### TASK OBJECTIVE:
Could you retype the material, starting at its first line and ending with the line holding "之后,分院党总支书记孙成雨就", and keep the pictures out?

### GIVEN INFORMATION:

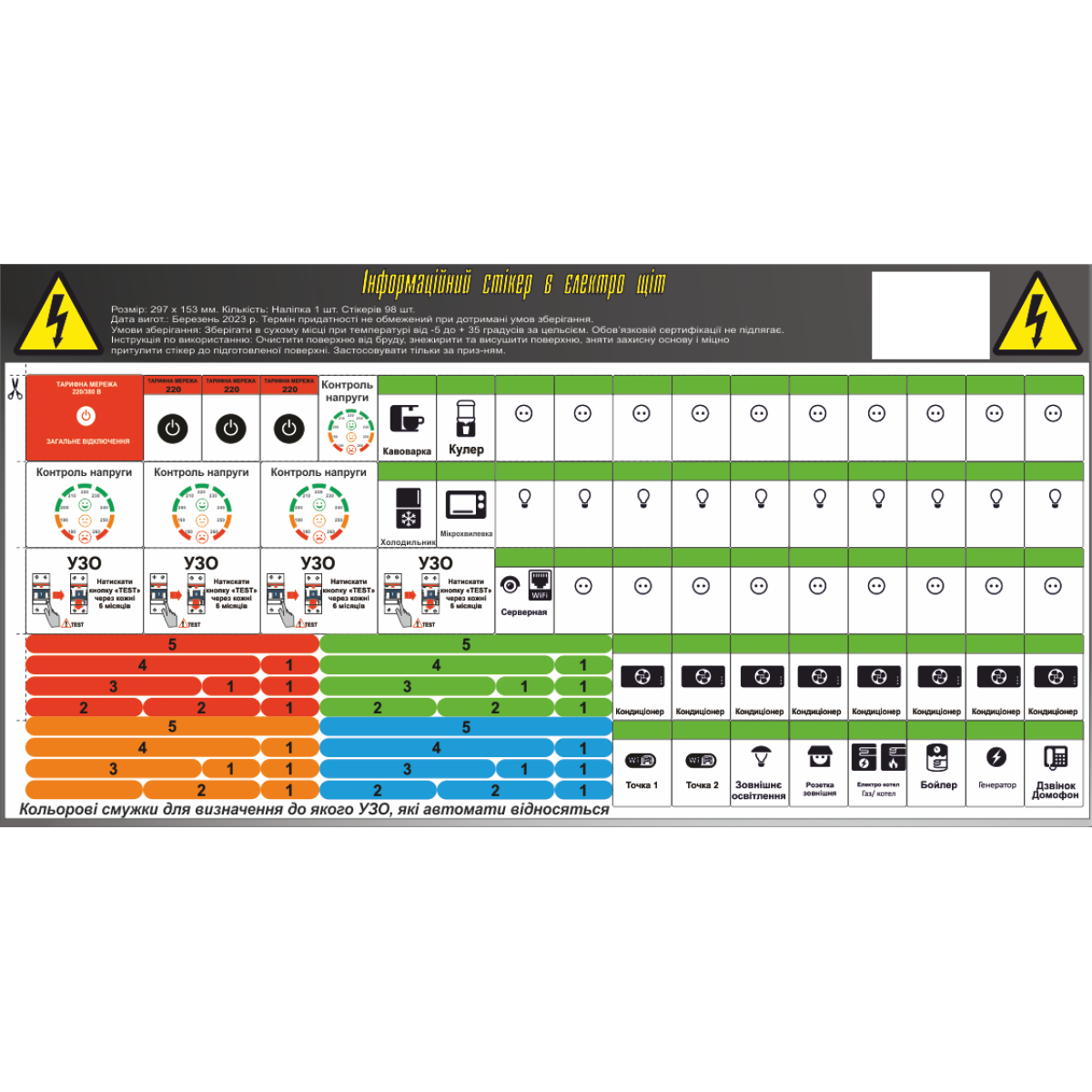 Наклейка на електрощит комерційного приміщення 60 символів Майстерня Онищенко
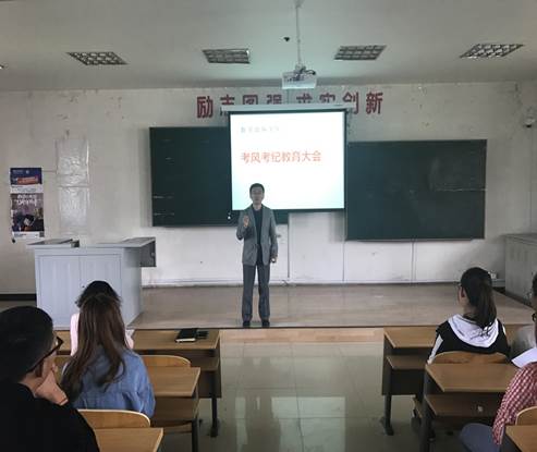 之后,分院党总支书记孙成雨就此次期末考试提出了三点要求和希望:一是要求同学们认真备考,全力以赴地投入到期末考试复习中去;二是本着“诚信考试光荣,违纪作弊可耻”的原则,希望同学们诚信考试,遵守考试纪律,公平竞争。他结合2015年新颁布的《刑九》关于考试方面的法律法规以及学院学生管理制度相关规定,生动的给同学们算了一笔违纪账,启发大家在利益和道德两个维度进行正反两方面的思考,引起同学共鸣;三是要求同学们尊重任课教师一学期的辛苦劳动,尊重监考教师维持考场秩序的权利,预祝同学们在考试中能取得优异的成绩,度过一个开心快乐的假期。
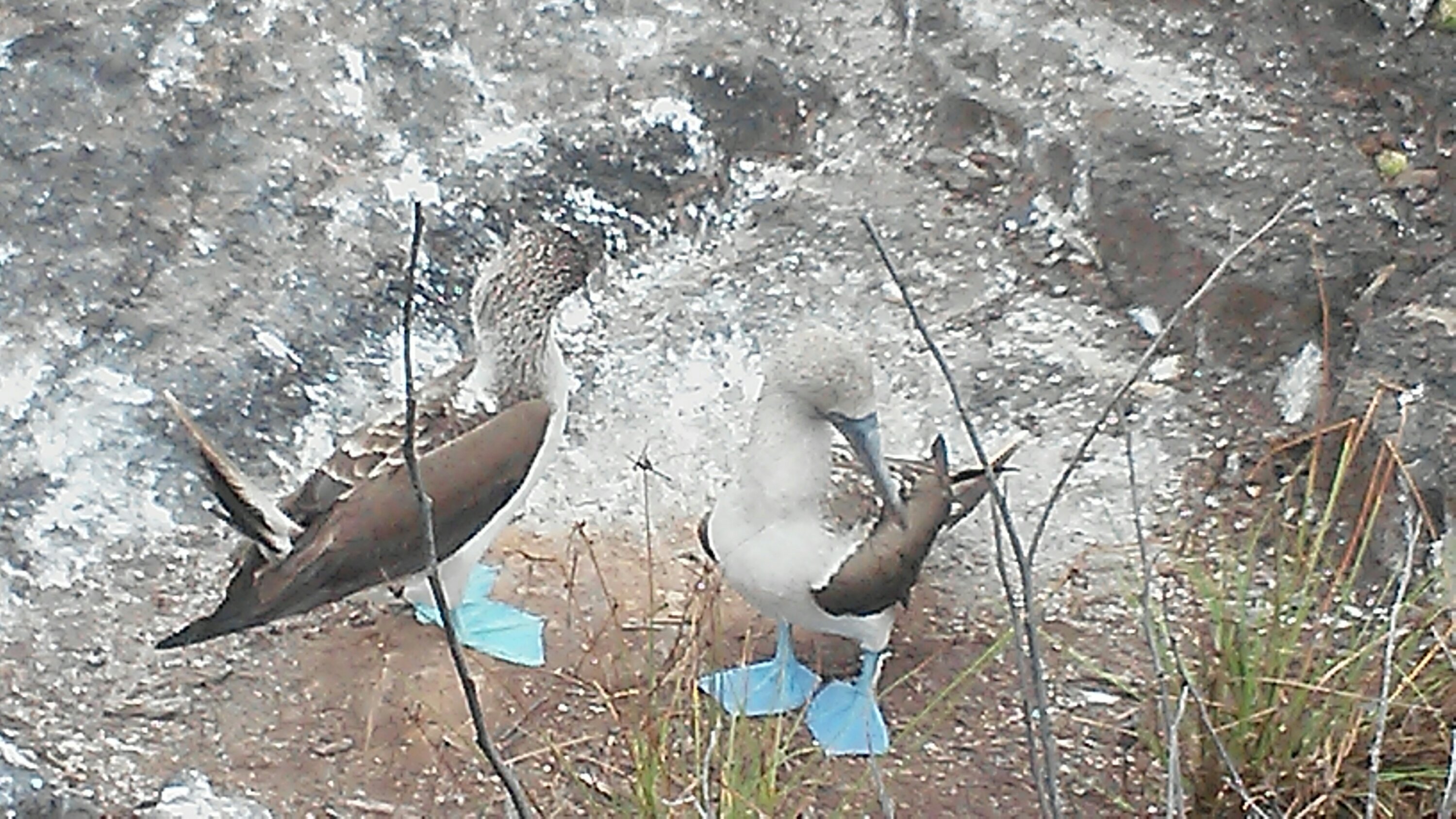 Die absoluten Lieblingsvögel von Silas und Cayo. Booby, das ist der Kosenamen hier für die Blaufußtölpel. Herzige Vögel, die an Land etwas behäbig daherkommen, in der Luft pfleischnell und ausgezeichnete Fischer sind. Sie stürzten so schnell ins Wasser, dass man sie oftmals gar nicht mehr richtig sehen kann. Auf Isabela haben wir Boobies recht häufig am Strand umherfliegen sehen. Als wir auf der Tour zu Los tuneles waren, gingen wir an Land. Dort nisten die Boobies. Wir konnten hier Jungtiere sehen und auch ein Pärchen, das gerade brütet. Boobies sind sehr treue Tiere. Haben sie einmal ihren Partner gefunden, so behalten sie ihn ihr ganzes Leben lang. Die Wiebchen sind etwas größer als die Männchen und haben größere Pupillen. Sie gurren im Vergleich zu den Männchen, die pfeifen können. Blaue Füße? Wie kommt denn das? Zum einen sind die Fasern an den Schwimmhäuten so angeordnet, dass nur das blaue Licht optimal reflektiert wird.
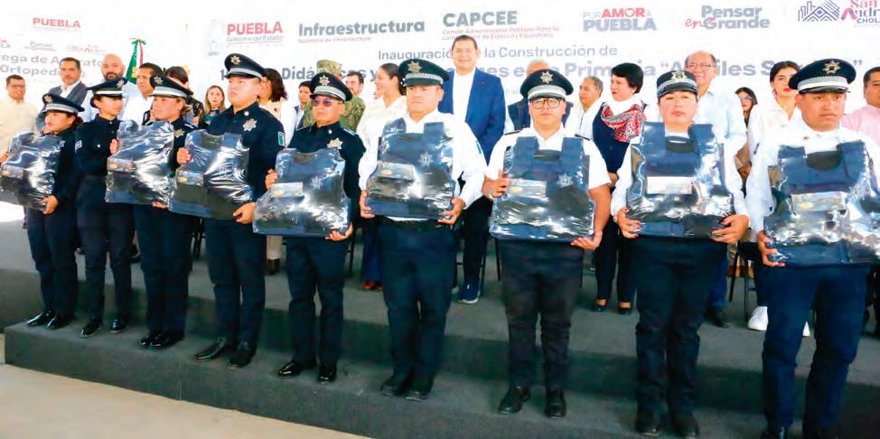 ESTRATEGIA. Este jueves, Alejandro Armenta Mier entregó 65 paquetes destinados a elementos de la Policía Municipal de San Andrés Cholula.

### COMPLETED EXERCISE:
 Наклейка на електрощит комерційного приміщення 60 символів Майстерня Онищенко
 之后,分院党总支书记孙成雨就此次期末考试提出了三点要求和希望:一是要求同学们认真备考,全力以赴地投入到期末考试复习中去;二是本着“诚信考试光荣,违纪作弊可耻”的原则,希望同学们诚信考试,遵守考试纪律,公平竞争。他结合2015年新颁布的《刑九》关于考试方面的法律法规以及学院学生管理制度相关规定,生动的给同学们算了一笔违纪账,启发大家在利益和道德两个维度进行正反两方面的思考,引起同学共鸣;三是要求同学们尊重任课教师一学期的辛苦劳动,尊重监考教师维持考场秩序的权利,预祝同学们在考试中能取得优异的成绩,度过一个开心快乐的假期。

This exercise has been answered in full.